- A scientist friend from Silicon Valley, who has been
working on a top-secret project for the past three years, permitted me
to visit his laboratory the other day to witness the results of his labors.
He's calling his patent-applied-for invention "B.S. Away!"
-
- He's sworn me to secrecy about the details of how and
why it works, but, since he's about to bring it to market, he said it's
OK for me to describe its essence: You can either spray it on the person
engaged in B.S.ing, or on printed matter (and even on the computer screen)
that carries the bullbleep. Instantly, it transforms the B.S. speech into
simple English truth. It's amazing!
-
- Let me give you an example. Bush, who always claims he
wants folks to accept responsibility for their actions, is incapable of
ever admitting that he might have made a mistake, and even more so these
days in the run-up to the November election. You've heard and read all
the many assertive statements over the months -- by Bush and his chief
cohorts -- that the administration absolutely, positively KNEW the weapons
of mass-destruction were there in Iraq, and even the exact areas where
they were to be found.
-
-
- Now we push the nozzle and the "B.S. Away!"

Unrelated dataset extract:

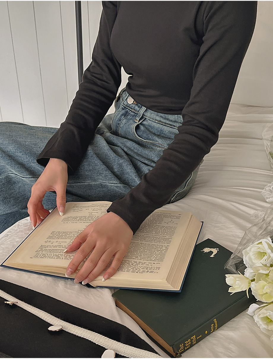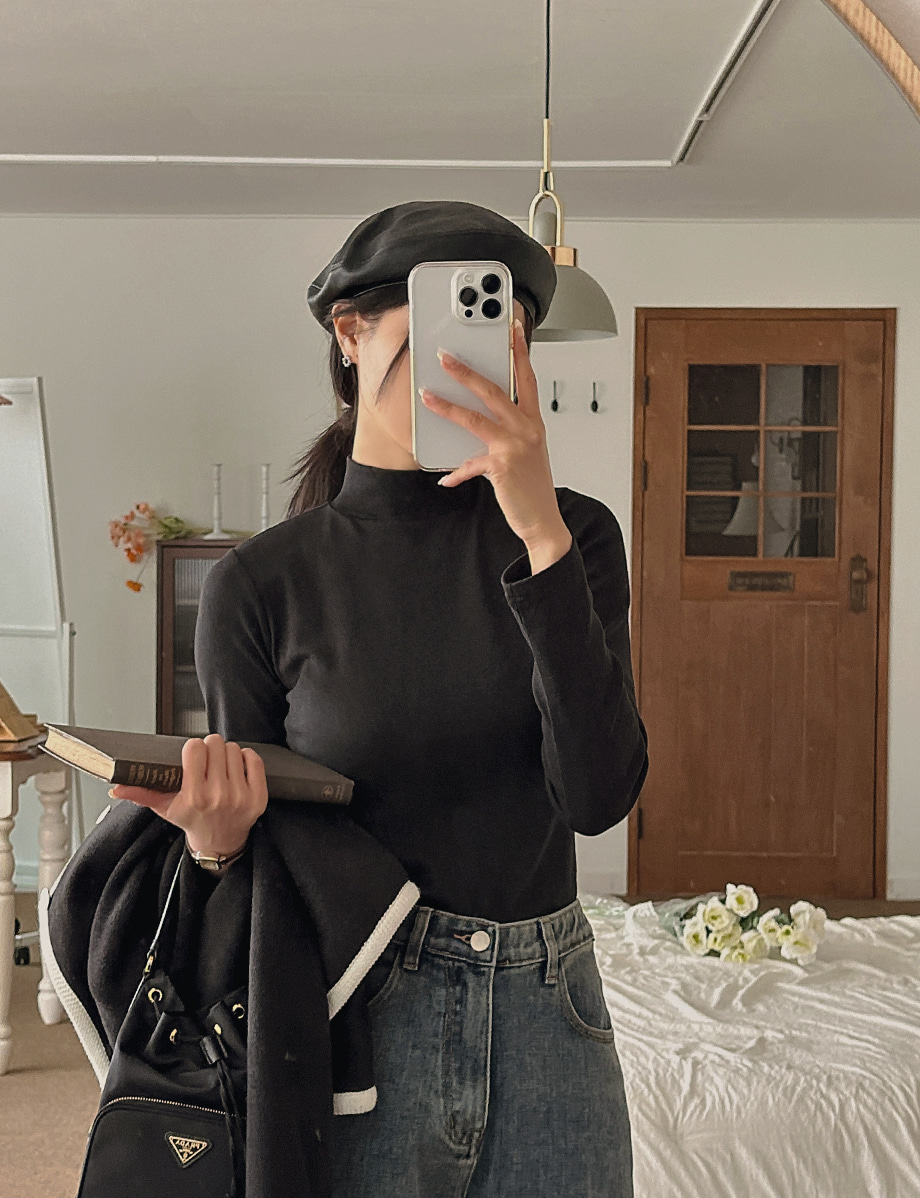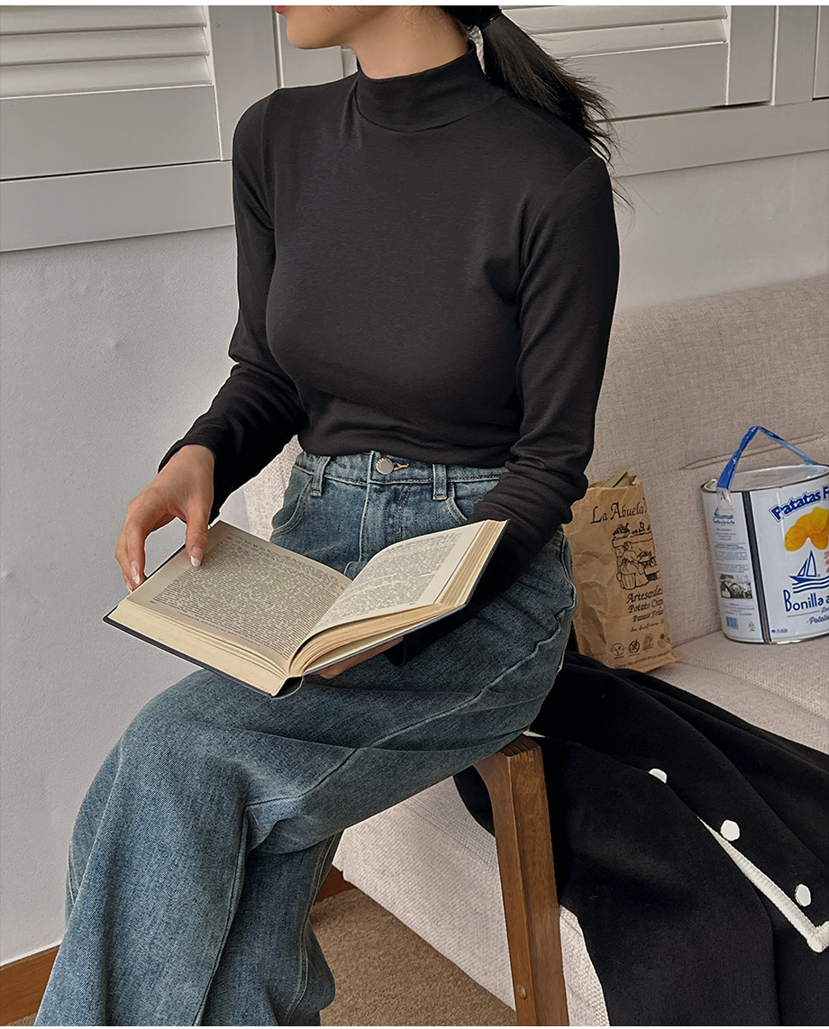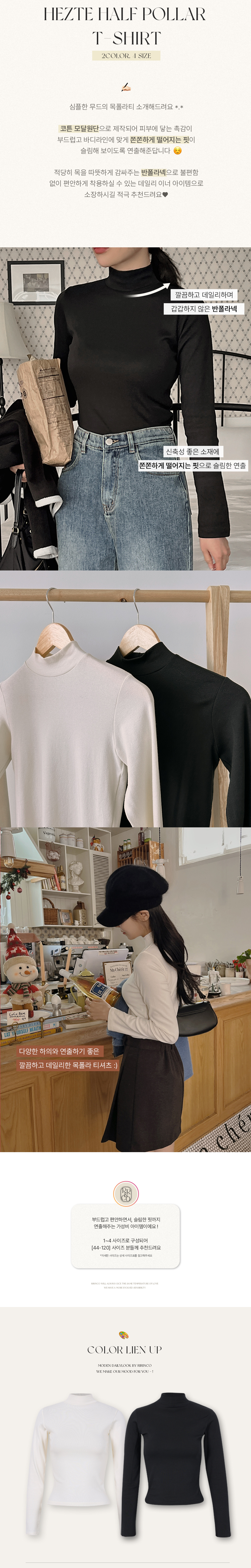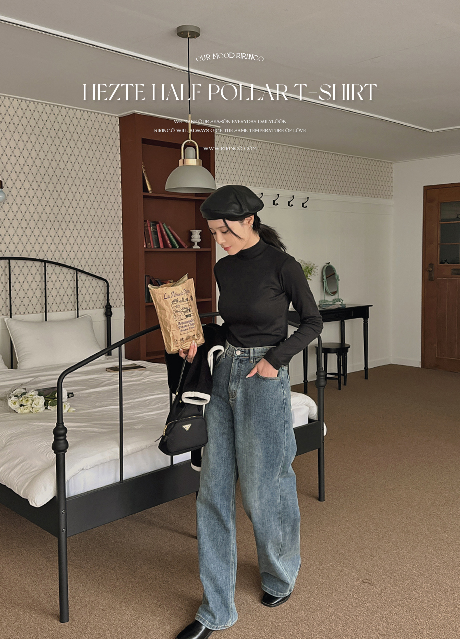 ririnco-헤즈테 스판 코튼 모달 반목폴라 티셔츠♡韓國女裝上衣

sprays out. Voila! Here's Bush's truth version:
-
- "My most important advisers -- including Cheney,
Rumsfeld, Wolfowitz, Perle and the whole PNAC crew -- were out to get Iraq
even before we took office. We sorta knew that Iraq was going to be a pushover
in the war. That's why we chose to bomb and invade it, so that we'd have
an easy time establishing a military foothold in the Middle East.
-
- "We didn't feel we could get Congressional permission
to invade Iraq if we told the truth -- that there were strategic, political,
corporate and natural-resource reasons to conquer that country -- so, since
the CIA wouldn't give us the WMD report we wanted, Rumsfeld's Office of
Special Plans cherry-picked the raw intelligence to get the WMD justification.
We hyped it to the press and public, and the invasion began. We were hoping
we wouldn't get caught out -- that there would be lots of leftover WMD
there to justify our propaganda -- but, unfortunately, nothing showed up.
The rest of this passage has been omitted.